On Tuesday, they did.

Thursday, December 11, 2008

Waiting


It's winter now, full-on, with days that begin at 7:30 and end at 4:30; by 5 the sky is pitch black. There's lots of talk at church about Advent, that this is the season in which we simply are expected to wait quietly for the light and warmth to reappear; no sense or even possibility of hurrying it along.

In thinking a bit more about Advent, I find that the metaphor that appeals even more to me than the one of growing light is one of pregnancy--waiting for someone (a very little, weak Someone) to arrive. I should understand this deeply, given that dear flinty Anna was born so late in December--on the 21st, no less! But it's taken me a while to reconcile the idea of frozen misery (which is STILL how I view winter) with the lovely experience of gestation. Gotta keep working on that one, I guess.

(illo from blogs.sfweekly.com/ shookdown/engman_winter_lg)

Friday, December 5, 2008

What Matters: Love


This is my commandment,
that ye love one another.

Jesus, in John 15:12

Given journalistic training and a naturally judgmental personality, the idea of spreading love feels a little smarmy, simplistic, even banal. So many people are so hard to love.

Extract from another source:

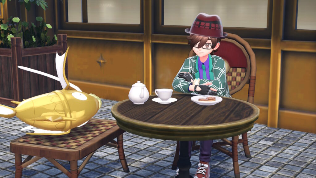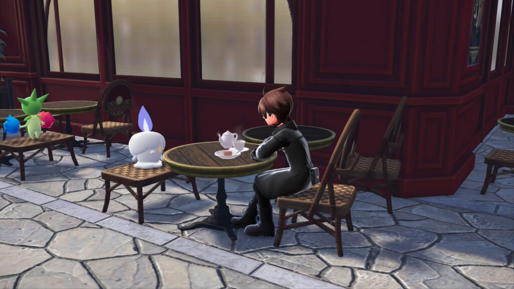 I am spending all my time in this game shopping and having tea with my Pokémon.

Like many idealists, I find it easier to love humanity in the aggregate, than in the day to day; easier to choke up at the idea of love, than to work at the embarrassing practice of it.

This is surely the hardest part of being human; why else would Jesus have to command it?

(photo of Paul Farmer from media.independent.com/img/photos)

What Matters: Justice


My most rewarding work has been for a series of seemingly lost causes: mental patients’ rights; destigmatizing AIDS; health care for poor people in remote parts of Bolivia. That’s fine with me. I want to keep it that way,

I want fewer digressions (serving beer to patrons of Williams’ Pub; editing manuscripts for tenured university professors; spending time in comfortably tedious meetings.) I want to rededicate myself, as Rob Eller-Isaacs once said "to the lost causes worthy of our lives."

TS Eliot wrote:
...For most of us, this the the aim
Never here to be realized;
Who are only undefeated
Because we have gone on trying...”

I want to keep that aim in mind—not the victory of achieving justice, because it will not be fully achieved in my lifetime or anyone else’s—but simply the “lost cause” of trying.

What Matters: Beauty


During ten months in Bolivia last year, I was constantly noticing beautiful things.

The white straw hat on a woman’s head that framed her face like a halo. The little buff and gold finches that flew up out of the tall grass as we walked down the hill from our house. The powdered-sugar dusting of snow on the gingerbread slopes of Cerro Tunari.

Now I’m trying to keep the same lenses on my perception, to note the myriad beautiful vistas, scenes and moments in life here in more mundane St Paul—and, more importantly to create more of them for myself, and for others.